Я чувствую, что надо укоротить этого рыхлого парня, так как он наглеет все больше. Я подскакиваю к нему, хватаю его за горло и ору дико:

– Ты, сволочь, еще раз скажешь «библиотека» – вся морда в крови будет!

Он отталкивает меня, и секунду мы стоим друг против друга.
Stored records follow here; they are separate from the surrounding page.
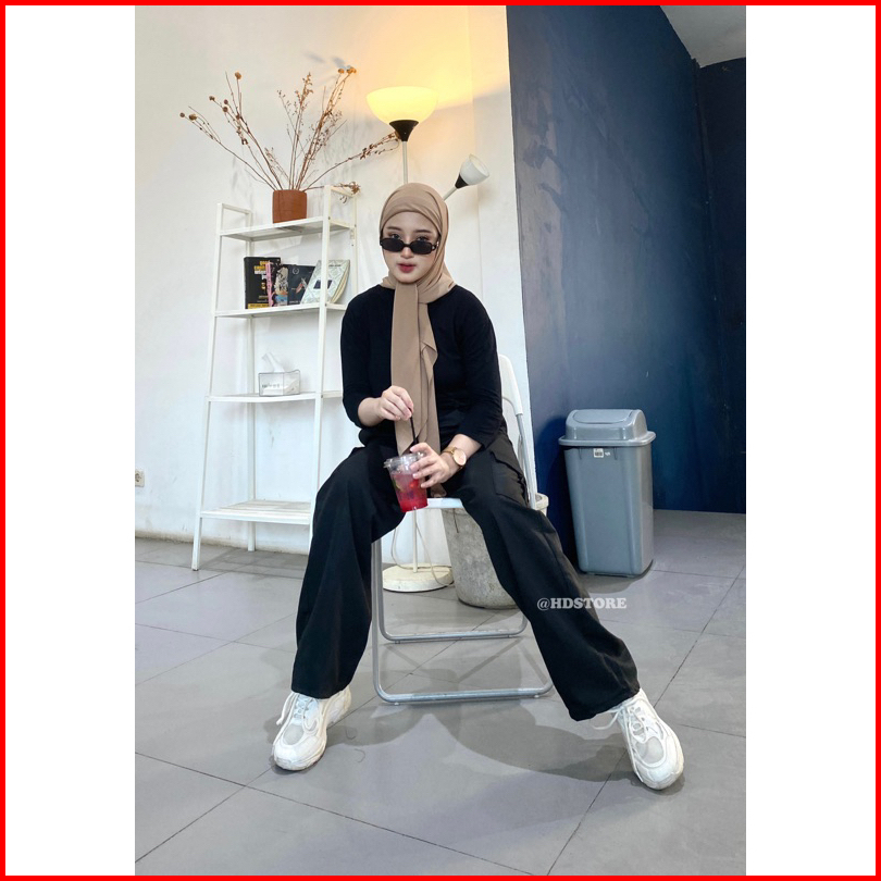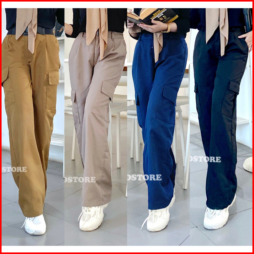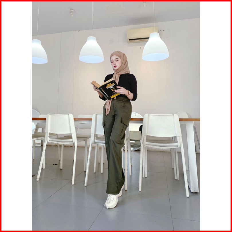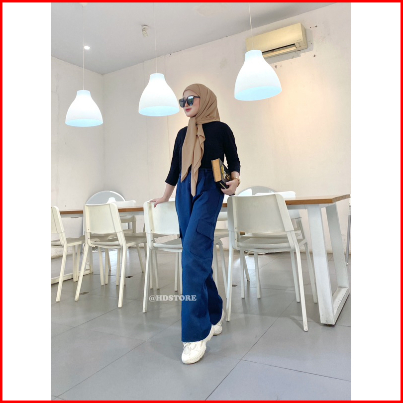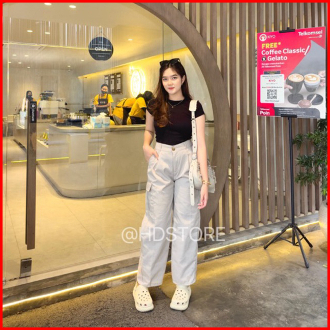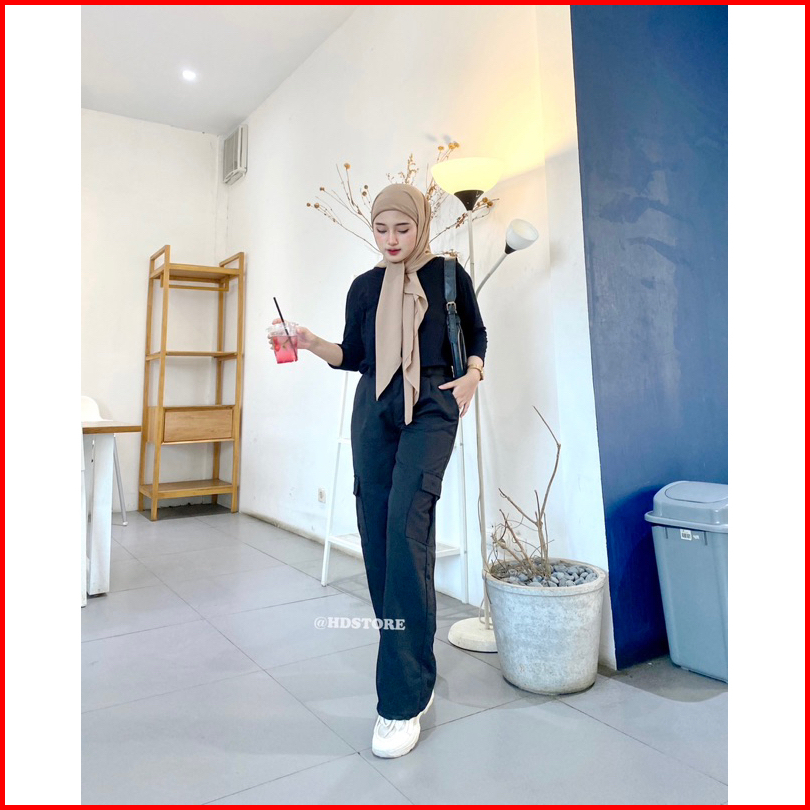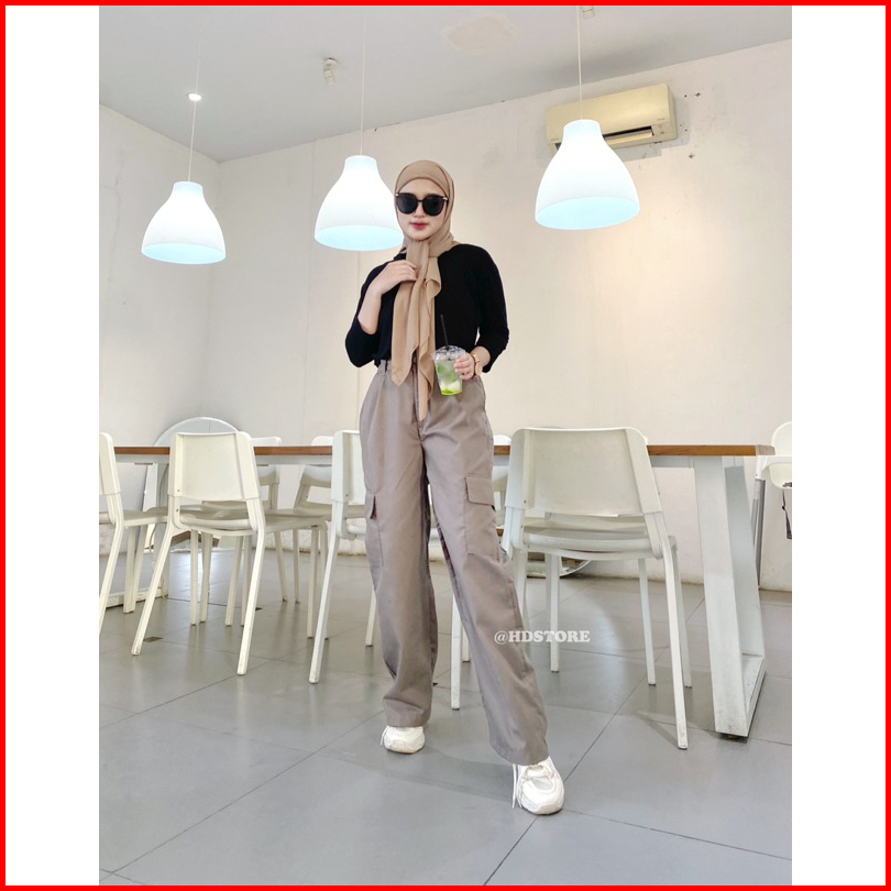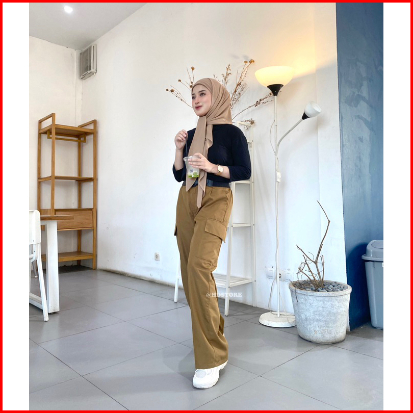 Celana Cargo Wanita Highwaist Kulot Pants Bahan Katun Drill
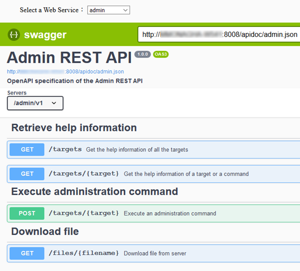When a web service starts, it publishes a REST endpoint. The REST API page then presents the help UI for your node. At the top of the API page, select one of the following supported web services from the dropdown list. Note that web service support varies for nodes running EventFlow or LiveView fragments:
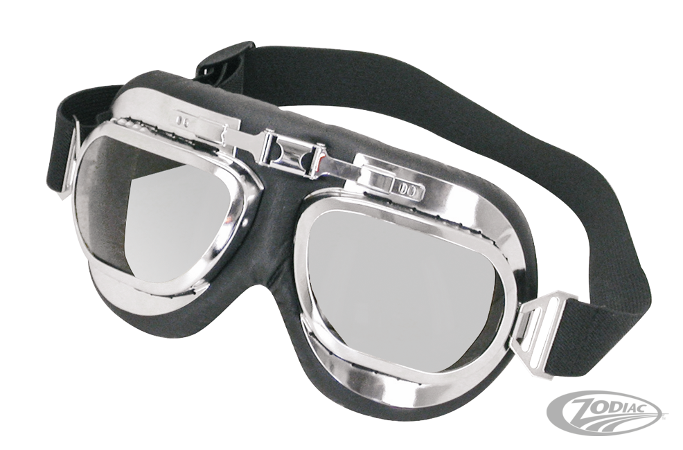 Diese im klassischen Styling gehaltenen Brillen sind wahlweise mit verchromtem oder schwarzem Rahmen erhältlich. Die bruchsicheren und getönten Polycarbonat Gläser besitzen eine 400er UV Filterwirkung für maximalen Schutz der Augen. Das Kopfband ist verstellbar von XL bis XS.
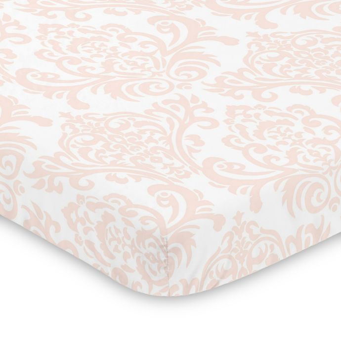 Sweet Jojo Designs Amelia Damask Mini Crib Sheet In Pink White
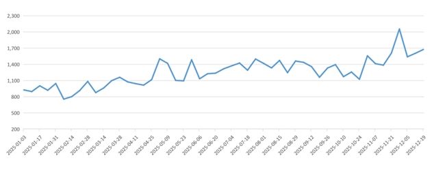 与此同时,大宗商品市场的波动与资源配置效率备受关注。《新华·山东港口大宗商品指数运行报告(2025)》依托山东港口这一全国最重要的大宗商品集散地,发布了该体系涵盖原油、铁矿石、焦炭、钢坯等八大类产品的14只高频指数,通过日、周、月、年多维度数据,精准捕捉大宗商品市场的“脉搏”。报告显示,2025年山东港口原油罐容活跃度指数震荡上行,并在11月28日冲高至2054.64点,较基期涨幅达105.46%,反映出原油存储、流通及远期交易的持续活跃。铁矿石市场虽经历波动,但山东港口铁矿石进出港指数直观反映了市场需求的韧性。此外,硫磺现货交易价格指数受新能源需求崛起及地缘因素推动,在12月11日飙升至全年高点,较年初大幅上涨168.97%,突显了大宗商品市场在能源转型背景下的重新定价逻辑。这些精准、及时的数据,有效提升了市场透明度,为产业链上下游企业的决策提供了关键参考,增强了中国在大宗商品领域的定价影响力。
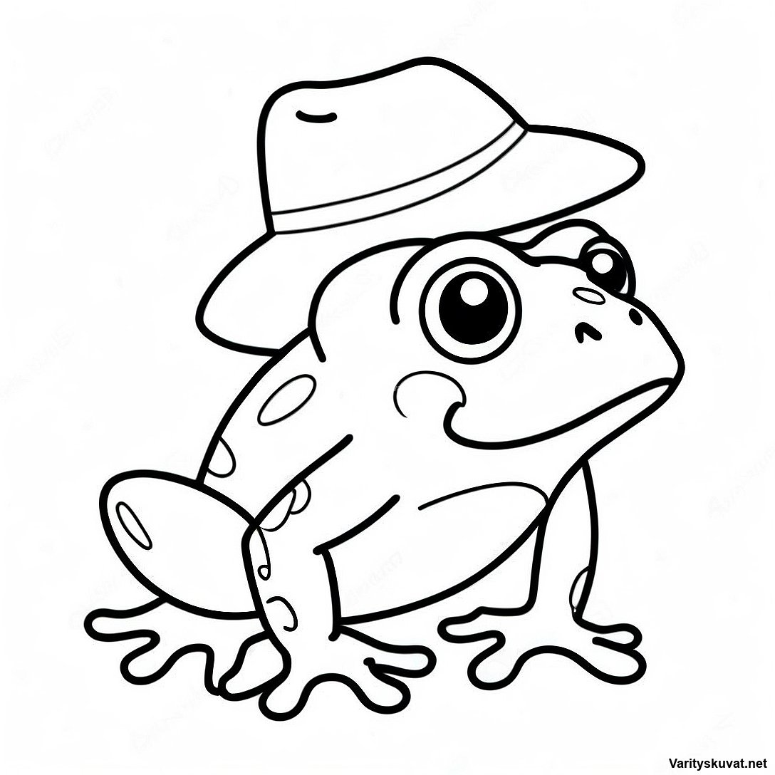 Lataa tulostettava PDF Hauska Sammakko Hattu Päässä Värityskuva
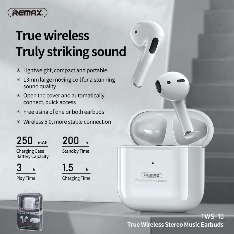 Беспроводные наушники Remax TWS-10 белые в Киеве и Украине с быстрой доставкой Новой Почтой. Осмотр и оплата при получении или по предоплате, по Вашему желанию. Бесплатный возврат с услугой Новой Почты "Легкий Возврат" (Только для пользователей мобильного приложения "Новая Почта"). Не переживайте о том, что товар Вам не подойдет или не понравится. Оплату доставки возврата берет на себя Новая Почта. Детали узнайте у нашего менеджера, обратившись по контактам продавца.
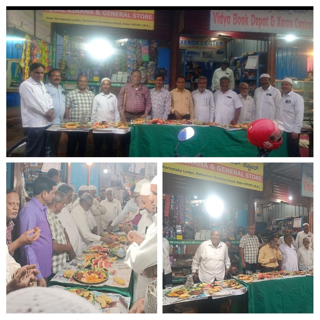 بیدر۔ 22؍فروری (محمدیوسف رحیم بیدری): بیدر شہر کے قدیم علاقہ نئی کمان میں واقع ودیا بک ڈپواینڈ زیرآکس سنٹر کے مالک جناب شیوراج کوڈّے نے آج مسلمان بھائیوں کواپنی دوکان پر افطار کرایا۔ جس میں خصوصاً نئی کمان ، راؤتعلیم ، چمکوری گلی ، آستانہ روڈ کے مسلمان روزہ داروں نے شرکت کی اور اپناروزہ افطار کرایا۔ اس موقع پرجناب عبدالکلیم صاحب صدر مدرس نے صحافیوں کوبتایاکہ جناب شیوراج کوڈّے نہایت ہی شریف دوکاندار ہیں۔ مسلم بھائی چارے کو بڑھانے کے لئے انھوں نے آج دعوتِ افطار رکھی تھی۔ ہرسال وہ اس طرح کااہتمام کیاکرتے ہیں۔ تمام مسلمان بھائیوں نے جناب شیوراج کوڈّے صاحب کی بڑی تعریف کی اور ان کے افطا رکرانے پر ان کاشکریہ بھی اداکیا۔
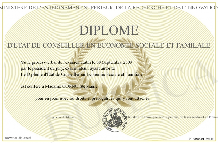 Envoyez par email votre Diplôme d'Etat de Conseiller en Economie Sociale et Familale personalisé
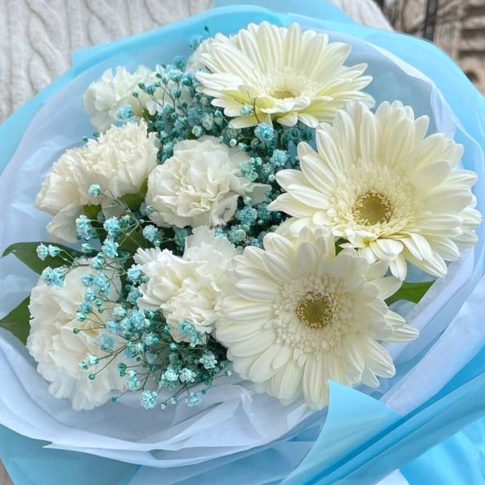 Голубой воздушный букет с герберами и диантусом
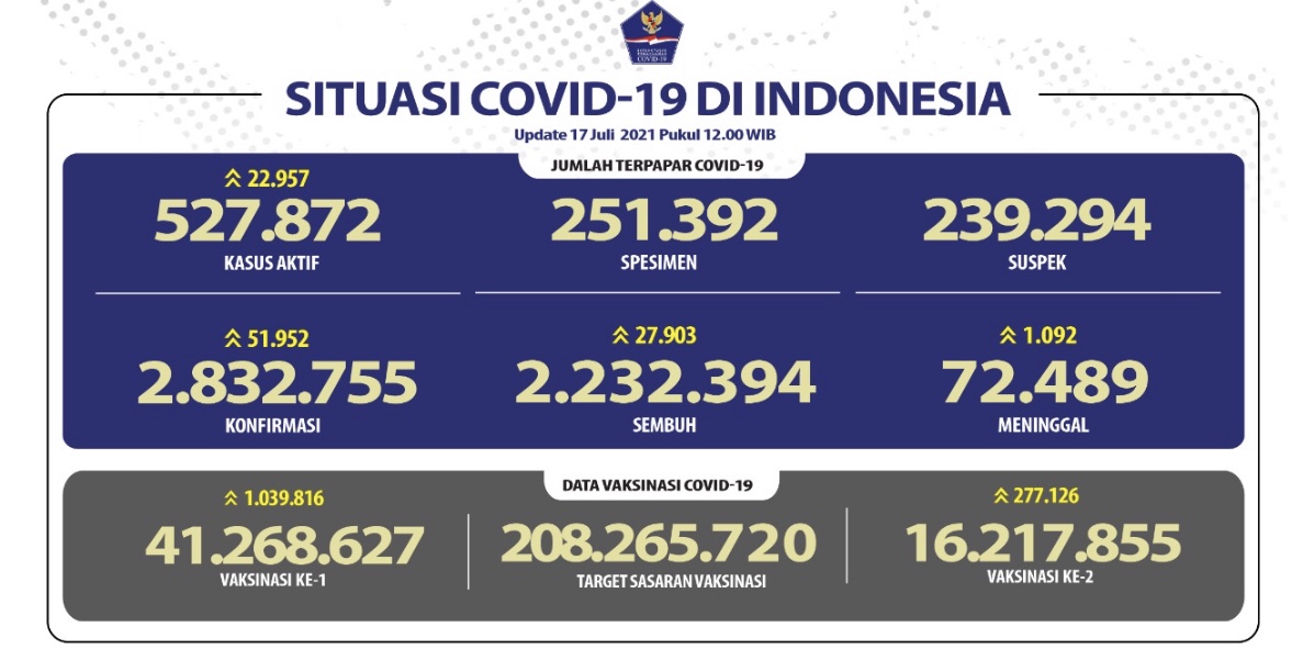 JAKARTA 17 Julai – Berbanding 54,000 kes positif semalam, jumlah kes jangkitan Covid-19 yang direkodkan hari ini adalah 51,952 dengan jumlah kematian pula 1,092, kurang daripada 1,205 semalam.
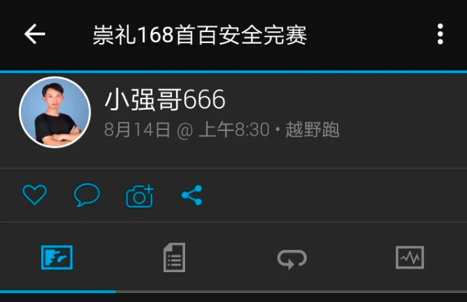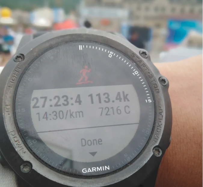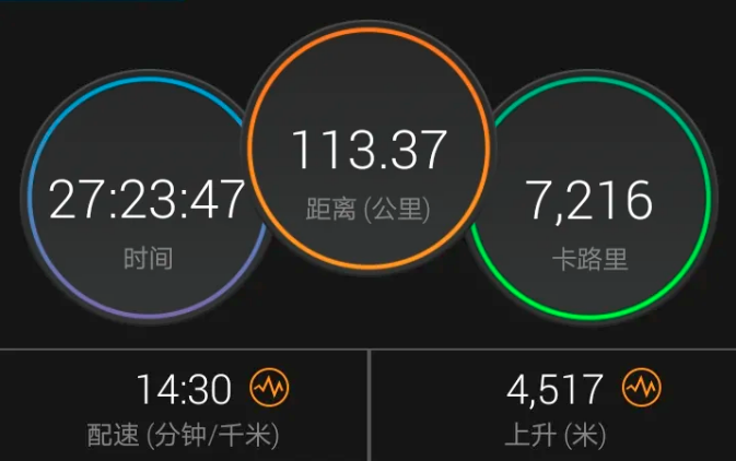 天,还是太热了。我坐在这个按摩椅上休息的时候,开始拿出手机和朋友们聊天。大家都在群里给我加油,叫我要安全完赛,郭哥和小浪马上及时提醒我不要在补给站停留太久,让自己一直保持在运动状态。在大家的鼓励下,我又鼓起勇气继续出发了。真的,天气这么热,到这里我感觉自己有点泄气了,虽然还没有决定放弃。从CP3出站时,刚好33KM,才三分之一。鉴于今天天气情况和自己今年本来训练备战就不足,体能还比不上去年,所以从CP3出站时,我就已经把目标调整成安全完赛,这次比赛不再追求成绩了。目标改变后,接下来的心态和策略也变了。

Вагон с интересом следит за начинающейся дракой, я чувствую себя на нервном подъеме, злость за все увиденное кипит во мне, пусть тронет – буду бить в эту серую морду, пока сил хватит!

– Ну, погоди, сука! – говорит он и отходит.

Поезд трогается, снова равномерный стук, снова погромыхивает телячий вагон, унося нас в серую снежную даль.

Учусь жить

Трудно вспоминать то, что было двадцать – двадцать пять лет назад. События тускнеют, покрываются мутью времени, на них наслаиваются другие, более свежие; однако отдельные эпизоды ярко проступают, они отчетливы и рельефны, как будто были вчера, они отпечатались в памяти твердым чеканом дикого или страшного, и, вероятно, это уже на всю жизнь.

Ночь. Мы едем четвертые сутки. Едем невообразимо медленно. Подолгу стоим на промежуточных станциях, а то и просто в поле, нас то и дело отцепляют и прицепляют, и ставят в тупик.

Жизнь учит меня грубо и жестоко. Я уже не психую и не лезу в драку, когда на каждой остановке человек тридцать срываются громить базар, а только с тоской гляжу, как разбегаются бабы, утаскивая свои нехитрые пожитки, уже не замечаю ежедневных трофеев с базара, жадное, скотское поглощение их, а то и просто игру трофеями. Летят в прохожих из вагона вареная картошка, куски хлеба, кости от мяса…

Два эпизода запоминаются мне. Девочка лет десяти, закутанная в большой серый платок и в больших материных валенках, останавливается и подбирает кусок сухаря, которым ей залепили по спине, прячет его в рукав какого-то драного полупальтишка и стоит, ждет – может быть, еще бросят?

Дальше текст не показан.